Visiting Scholar Katherine Romba presents her research:
In 1911, in a lecture on modern building ideals given at the Folkwang Museum in Hagen, Walter Gropius described the engineers’ modus operandi as ‘thinking’ and the architects’ as ‘feeling,’ and described their work as analytical ‘construction-form’ and instinctive ‘art-form’ respectively. This perception of a clear cultural divide between architects and engineers—the difference between art and science—was echoed by numerous other architects of the time. The reality is that the divisions were not so clear. Many architects held the title of Diplom-Ingenieur (a certification from the Technische Hochschulen available to engineers and architects alike), and a number of engineers called themselves architects (a title that legally anyone could don). Moreover, members of both professions wrote about the aesthetic potential in the forms of industry, as well as about the cultural meaning of this aesthetic…

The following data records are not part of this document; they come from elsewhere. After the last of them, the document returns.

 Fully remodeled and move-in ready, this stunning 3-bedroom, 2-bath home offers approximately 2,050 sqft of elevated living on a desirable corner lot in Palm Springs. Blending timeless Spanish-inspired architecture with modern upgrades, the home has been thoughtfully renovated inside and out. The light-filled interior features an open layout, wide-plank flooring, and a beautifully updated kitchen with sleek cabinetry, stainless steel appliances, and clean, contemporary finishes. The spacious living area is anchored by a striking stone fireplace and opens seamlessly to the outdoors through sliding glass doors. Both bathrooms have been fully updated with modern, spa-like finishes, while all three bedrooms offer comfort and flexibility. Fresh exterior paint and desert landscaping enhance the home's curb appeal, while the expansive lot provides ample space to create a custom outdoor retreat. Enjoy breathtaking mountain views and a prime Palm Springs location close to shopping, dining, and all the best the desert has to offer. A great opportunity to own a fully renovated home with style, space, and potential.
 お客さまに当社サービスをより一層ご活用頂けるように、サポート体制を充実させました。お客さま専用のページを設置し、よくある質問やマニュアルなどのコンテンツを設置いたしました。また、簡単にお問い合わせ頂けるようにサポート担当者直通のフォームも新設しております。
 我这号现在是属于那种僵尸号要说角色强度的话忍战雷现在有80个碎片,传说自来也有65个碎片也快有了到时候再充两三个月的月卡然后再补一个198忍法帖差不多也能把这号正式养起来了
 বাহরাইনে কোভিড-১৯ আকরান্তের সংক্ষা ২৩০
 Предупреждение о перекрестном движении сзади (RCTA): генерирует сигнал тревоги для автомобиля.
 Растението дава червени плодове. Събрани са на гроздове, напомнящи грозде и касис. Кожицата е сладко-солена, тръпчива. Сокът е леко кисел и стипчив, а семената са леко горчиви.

Having largely conceded the science of structure to the new profession of engineering, and now facing engineers/collaborators who increasingly claimed aesthetic agency, the architectural profession urgently sought its own authorial role in the emerging industrial culture. In question was what authorship meant, what values it supported, and even when it was applicable. Whether representing architects and engineers according to the Kultur-Zivilisation dichotomy, or presenting engineers as a noble yet primitive Other, architects’ attempts to evoke essential differences between the two professions were part of a larger system of strategies to establish new parameters of authorship.
Katherine Romba completed her Ph.D. at the Institute of Fine Arts of New York University in 2005. She is currently an Assistant professor at Queen’s University in Kingston, where she teaches courses on modern architecture and critical and cultural theory. Her research focuses on the theory and practice of modern German architects and engineers.Her first book, Iron Construction and Cultural Discourse: German Architectural Theory, 1890-1918, was published in 2008.
Katherine Romba was a Visiting Scholar at the CCA in 2009.